As empresas e os colaboradores no epicentro do surto de COVID-19 revelam o que funciona em tempo de crise – e o que não funciona. Tendo por base o exemplo da China.

Na MIT Sloan Management Review, Michael Hudecheck, Charlotta Sirén, Dietmar Grichnick e Joakim Wincent* escreveram um artigo sobre como podem as empresas responder ao novo coronavírus, começando por destacar que líderes de todo o mundo enfrentam uma dupla ansiedade: qual o impacto do surto de coronavírus (COVID-19) na economia e o que devem fazer as empresas para se prepararem.

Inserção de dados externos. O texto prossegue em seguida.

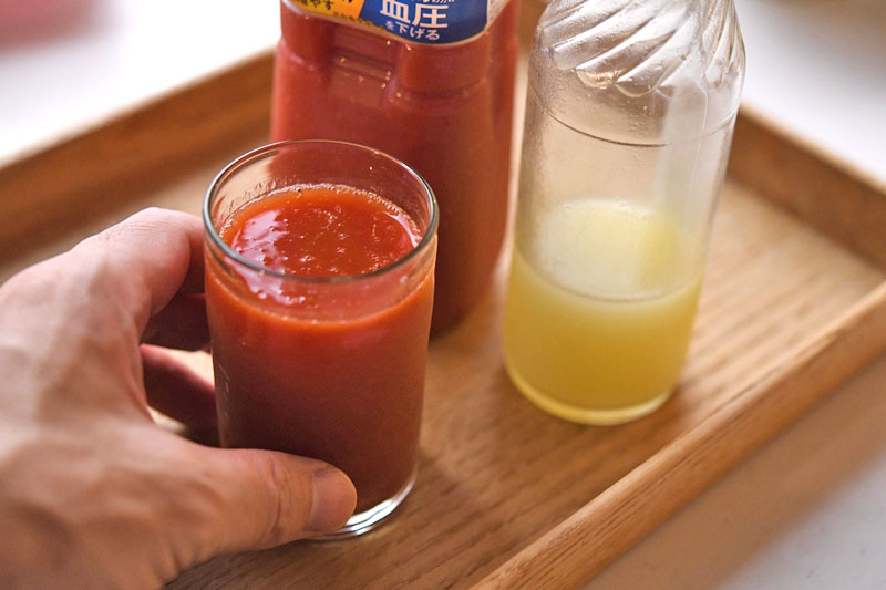 ③ トマトジュースも味わいがさまざまなので、飲んでみてゆず果汁が足りないようなら後から追加してください。これで出来上がり!

Os cientistas há muito que avisavam que as doenças infecciosas emergentes representam uma nova realidade com potencial para causar sofrimento humano e crises financeiras sem precedentes. O epicentro da pandemia foi a cidade de Wuhan, na China – situação declarada no dia 31 de Dezembro de 2019 – mas hoje é já uma crise global.

Os gestores não sabem com clareza como preparar as suas organizações para um evento pandémico global. A Organização Mundial de Saúde (OMS) registou 1438 epidemias entre 2011 e 2018 e nota: «Além da perda de vidas humanas, as epidemias e as pandemias devastam as economias.» 

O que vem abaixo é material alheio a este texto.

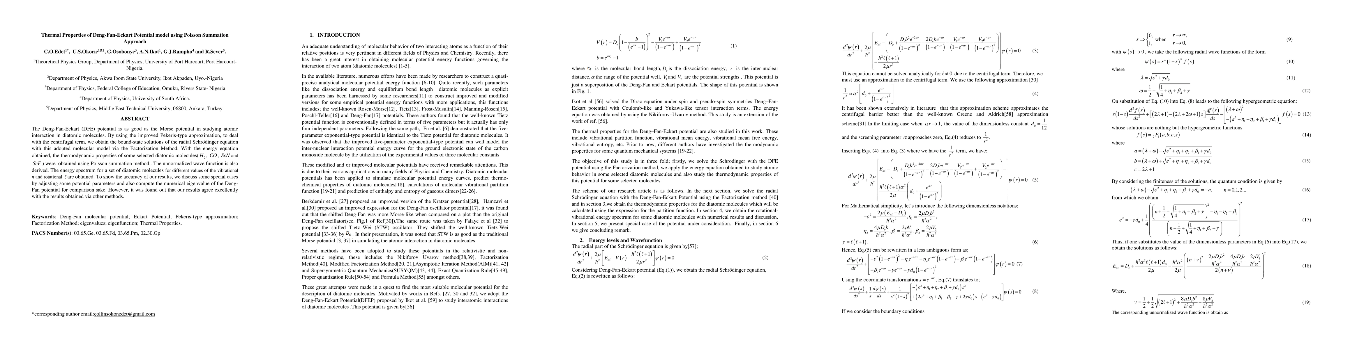 This paper investigates the thermal properties of the Deng-Fan-Eckart potential model for diatomic molecules using Poisson summation. The study derives bound-state solutions and thermodynamic properties via the Factorization Method and compares results with other methods, finding excellent agreement.
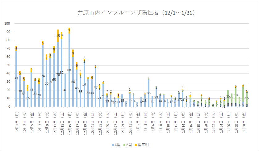 ※1/16(金) ・・・ 10代A型1名はB型も同時感染

Tendo em conta a experiência chinesa, os autores identificam algumas boas práticas.

As melhores práticas para guiar as empresas durante o surto de COVID-19



A nossa equipa tem agregado sistematicamente dados de notícias e de redes sociais das regiões atingidas com mais severidade na China para compreender melhor como a COVID-19 afectou a economia chinesa, incluindo as zonas menos observáveis através de indicadores económicos tradicionais. Esta recolha de dados deu-nos uma perspectiva única sobre a forma como as empresas chinesas e outras organizações têm respondido à crise existente.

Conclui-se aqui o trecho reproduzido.